On Mon, 2018-02-05 at 17:12 +0100, Miklos Szeredi wrote:
On Mon, Feb 5, 2018 at 4:50 PM, James Bottomley
[off-list ref] wrote:
quoted
On Mon, 2018-02-05 at 08:40 -0500, Mimi Zohar wrote:
quoted
On filesystems, such as fuse or remote filesystems, that we can not
detect or rely on the filesystem to tell us when a file has changed,
always re-measure, re-appraise, and/or re-audit the file.
Using the presence or absence of d_revalidate isn't definitive for
uncacheable appraisals: all stacked filesystems have to implement
d_revalidate just in case the underlying has it, but it doesn't mean
their appraisals can't be cached if they're fully built on top of
traditional filesystems (like they are in the Docker/OCI use case). I
think the original flag approach is better. The only thing stackable
filesystems argues for is that for them it should probably be a
superblock flag so it can be per-mount point (depending on overlay
composition).
d_revalidate() also strikes me as wrong from the semantic point of
view: it's about whether the path name to inode cache needs re-
evaluating not whether the underlying inode could change arbitrarily.
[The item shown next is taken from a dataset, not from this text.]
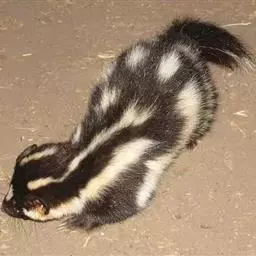 臭鼬是食肉目鼬科鼬属哺乳动物。体型与家猫相仿。全身被毛为黑色,…

These are definitely related but not necessarily equivalent concepts.
True. A more precise indication is whether cache pages have been
invalidated for a certain inode. Can we used that? I.e.
invalidate_inode_pages*() calls down into IMA or sets a flags or
whatever to indicate that the file contents might have changed.
I don't think that works for the FUSE use case.